高崎新風土記「私の心の風景」
橋の風景から④ —鼻高橋—
吉永哲郎
豊岡・八幡地域と鼻高地域との往来には碓氷川に架かる「鼻高橋」を渡ります。新鼻高橋は1981年(昭56)に従来の一車線の鼻高橋と並行して新設された橋です。この地域の人は碓氷川を渡るには舟でした。やがて渡船場に仮橋が設けられましたが、度重なる洪水によって流出するので、1963年(昭38)に鉄筋コンクリートの永久橋に改造されました。この橋が新鼻高橋の上流に並行している橋です。
少林山達磨寺の洗心亭に、1933年(昭8)9月から1936年(昭11)10月まで、ナチ政権下のドイツから亡命してきた建築家ブルーノ・タウト夫妻が滞在していました。タウトの日本での著作のほとんどは、この地で書かれました。特に『日本の家屋と生活』には、鼻高を散策した折に見かけた農民の日常生活をもとに、その住まいの美に触れています。こうしたことが核となって、あの桂離宮の美の賛歌を記すことになったのです。

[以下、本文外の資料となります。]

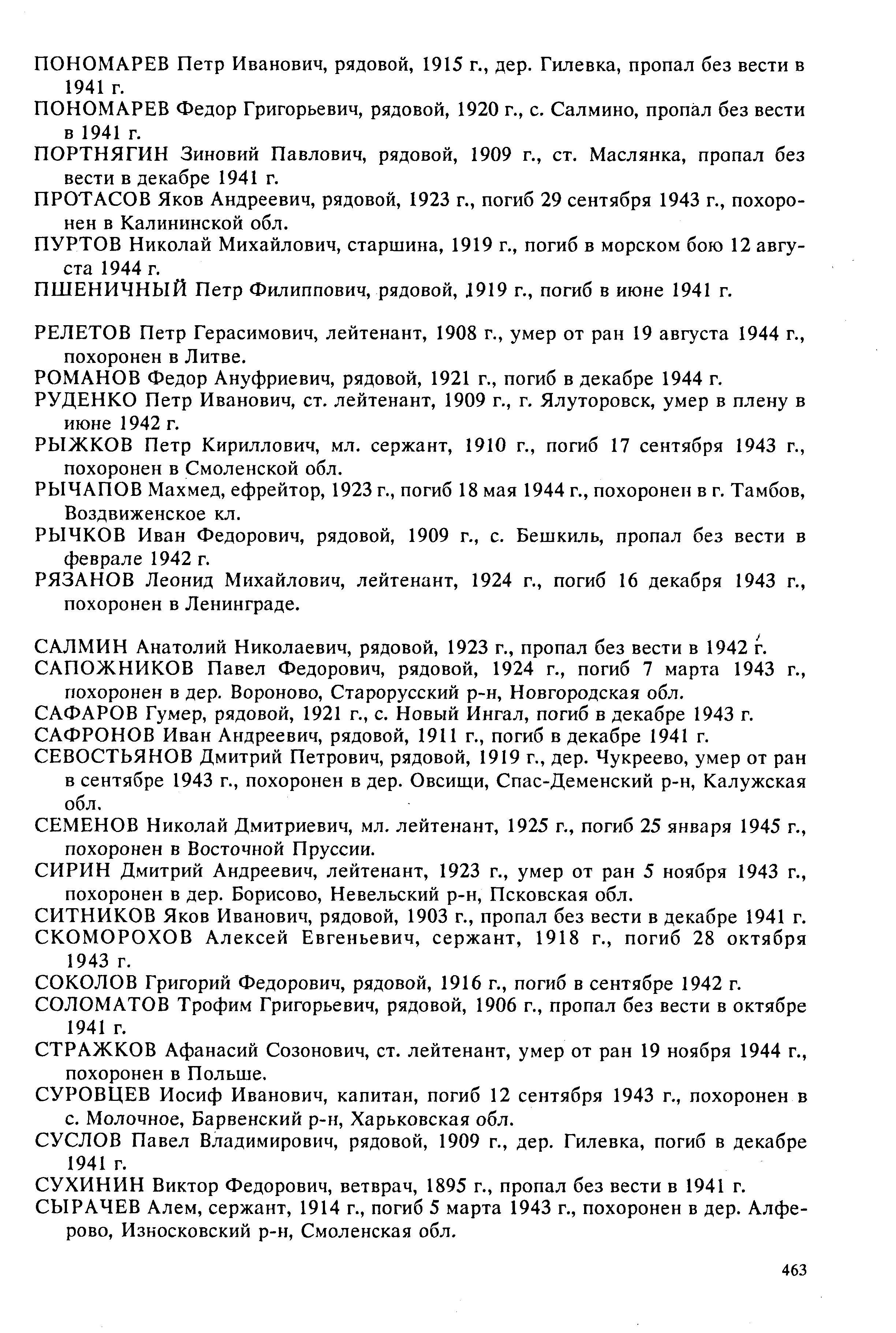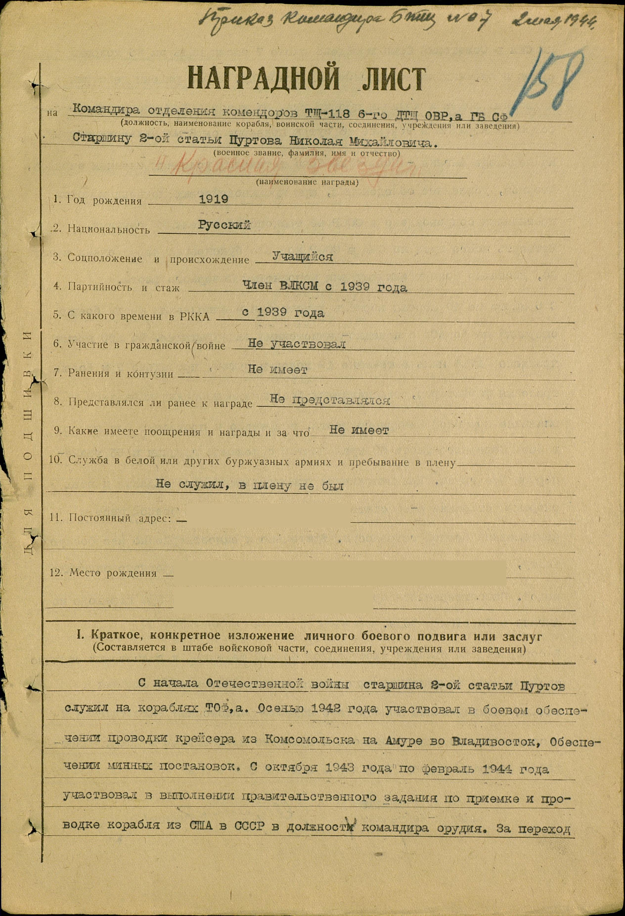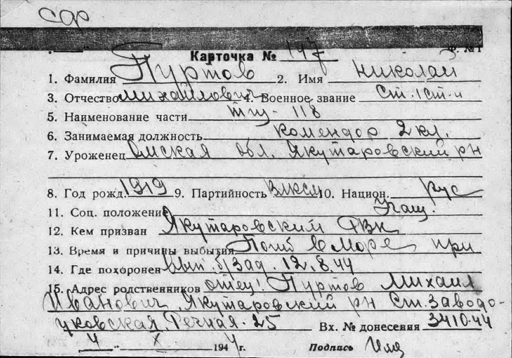 466. Пуртов Николай Михайлович, воинское звание – старшина 1 статьи; должность и специальность – командир отделения комендоров, комендор 2 кл.; год рождения – 1919 г.; партийность и № партдокумента (комсомольского билета) – КСМ; место рождения – Омская обл., Ялуторовский р-н, ; социальное положение – учащийся; национальность – русский; срок срочной службы – 1939 г.; последнее место службы – минный тральщик ТЩ-118, бригада траления ОВР ГБ СФ; каким РВК призван – Ялуторовским РВК; по какой причине, где и когда выбыл – погиб в море при выполнении боевого задания, 12.08.1944 г.; семейное положение – холост; родственники (фамилия, имя, отчество, адрес) – отец: Михаил Иванович, Ялуторовский р-н, ст. Заводоуковск, Рабочая 28.

いわばこの少林山付近の風景は、日本美の原点なのです。タウトが初めて洗心亭を訪れた時の鼻高橋は木造の仮橋でした。背が高く鼻のとがった外人夫妻の姿を見ようと村人の大勢集まり、村童達は群れをなして洗心亭までついていきました。タウトの日記「日本」には、碓氷川に二つの橋が架かっていたと記しています。
先日、旧鼻高橋から浅間山を眺めに行きました。夕暮れからの美のドラマに時を忘れました。